Of course, this is not a blanket, one-size-fits-all approach: the precise course of action will always depend on the behavior of the specific soil, and must be determined case-by-case. But on the whole, this strategy can work well in preserving the integrity of the ridges, while optimizing the use of water throughout the different stages of crop growth and watering requirements.
A potential drawback of this method is that replacing nozzles can be quite an undertaking – especially on large farms with several pivots across multiple fields. You have to retrieve the correct nozzles from storage, take them out to each field, remove and store the previous nozzles in a safe place (and hopefully remember where you’ve put them for the next time they are needed).
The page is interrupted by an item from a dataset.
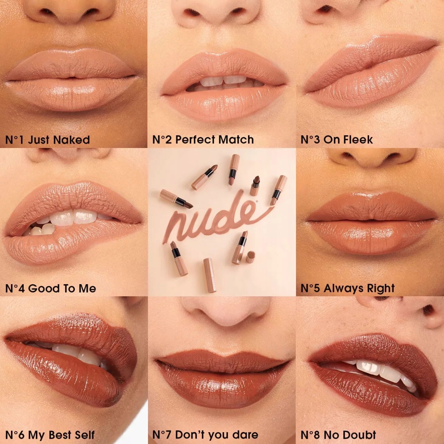 Нюдові відтінки в новій унікальній колекції у 8 інтенсивних версіях із атласним покриттям. Ваші губи будуть підтягнуті та підкреслені ідеальним нюдовим відтінком.
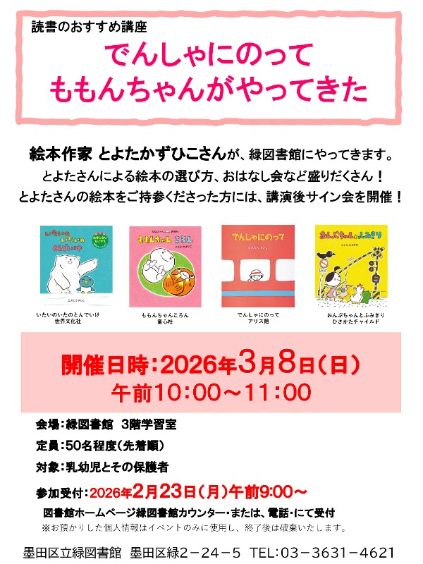 【緑図書館】読書のおすすめ講座「でんしゃにのって ももんちゃんがやってきた」を開催します

To streamline this process, the Komet Precision Twister (KPT) comes with an integrated holder for a second nozzle, so both nozzles are kept on the sprinkler body at all times. This relieves you of the task of storing, labelling, finding and transporting your standby nozzles to and from the field. Instead, you can simply configure two sets of sprinkler maps (one with a reduced irrigation depth for the season start, and one with the full depth to come into effect halfway-through). The change-over of the nozzles then happens swiftly and easily on-site, as needed.
But this isn’t the only advantage that sets the KPT apart: Komet’s ultra-durable flagship sprinkler was designed for droplet consistency, which is maintained by its patented hydro-mechanical brake system. This ensures a uniform output of droplets that are extremely wind-drift-resistant, but at the same time will not compromise the structure of the soil. Compatible with over forty nozzle sizes and available for various types of installation, the KPT is able to deliver optimal irrigation for virtually any crop – including, of course, the unsung hero of global food security: the humble potato.